According to our district Retention Policy, all emails are “archived automatically without additional action by the user.” All electronic records subject to retention must be preserved on paper if the retention period is greater than 10 years. Electronic records whose retention period is less than 10 years shall be archived electronically in a manner which provides easy access and retrieval. .. includes attachments, old/new webpages, videos, floppy discs, Cd’s, audiotpaes and videotapes.
The policy also includes that each department have a Custodian of Records and that the Custodian of Records and IT department should know what records the Department makes or receives, who makes or receives records, when they can/should be destroyed, where they are stored, and how they can be stored.

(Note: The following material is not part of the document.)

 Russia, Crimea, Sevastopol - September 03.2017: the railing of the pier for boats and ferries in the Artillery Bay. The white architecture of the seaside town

A “NOTE To Staff” in this policy states: “.. .mail that the user wishes to save be moved out of the email system into your home directory as soon as possible”.. and recommended that “you do not store emails beyond the retention period”.
A Notice from Central office as a “reminder” was delivered that emails will be deleted on the 30th. If records are public record, to forward them to the custodian of records.

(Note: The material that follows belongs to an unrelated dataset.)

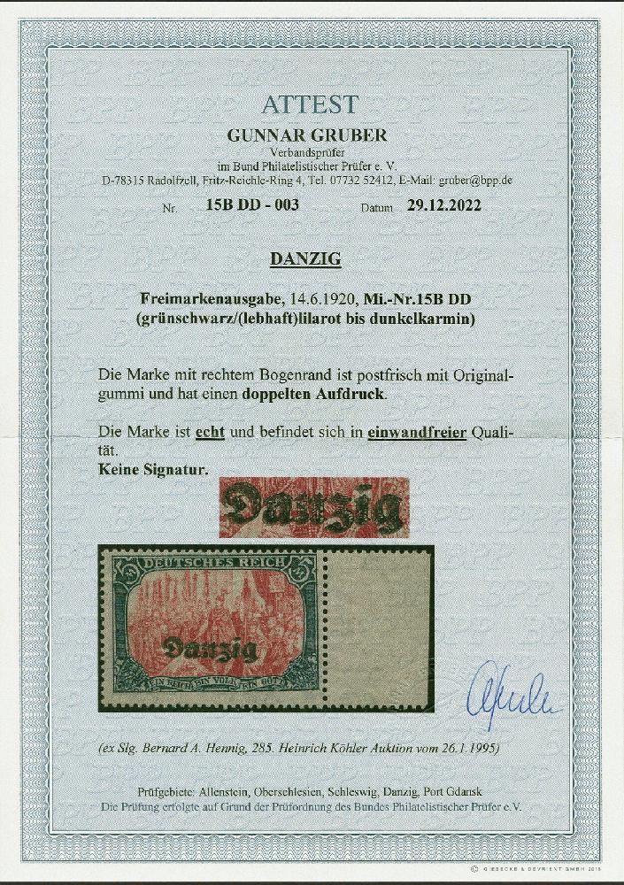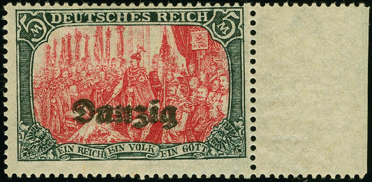 | Zusatzinformationen und Suchstichworte: | 383. Auktion Heinrich Köhler 14.–15. & 18.–23. März 2024 Los 7570 Danzig 1920, 5 Mark, Zähnungslöcher 25:17, mit doppeltem Aufdruck, Randstück, postfrisch und in tadelloser Erhaltung, altbekanntes Exemplar und sicherlich einer der schönsten Marken mit dieser seltenen Abart Ausruf 500,00 EUR |

.. we were recently told that no one can hold onto their own emails by storing them in their own way, such as a flash drive etc.. Many cannot come to an agreement on what “public record” is. According to Mass law, it appears everything is. So therefore, we should forward all of our emails to the custodian, all of our papers etc.. that is a lot of emails.
The IT department feels they “have to” delete the emails. It is NOT a server space issue. If they “Have to” delete them based on the policy, but if retention needs to be a period of extended years, then this doesn’t seem to make sense. Furthermore, why couldn’t a teacher keep specific emails they seem necessary for organization, referral for the future etc.. Example: Emails deleted on the 30th. A parent who contests the grade may have been delayed in doing so for whatever reason. If the teacher is then asked to state their case, the teacher might have trouble remembering whether or not he/she had corresponded appropriately with the parent during the semester/year.
On one side, we need to ensure that the content is readily available if litigation has warranted the need for it. On the other, we don’t want confidential information to be exposed when not intended.
It is clear that the laws are slow to include electronic-specific details. This is the first year emails are being deleted this way. We have been advised not to write anything sensitive in an email right along. Personally I find this hard. Not only would that slow communication, I may take notes on a particular phone call to a parent or guidance counselor. I would think an email is a bit more transparent in litigation.
There seems to be a major push in this direction and this has made these past couple of weeks very stressful. One week left of school, and two till the 30th deadline. We need to clear this up. Can we or can we not store our emails however we wish as long as the emails are archived by our IT? Is it necessary to delete everyone's emails in such a way?
Any suggestions, thoughts, would be appreciated.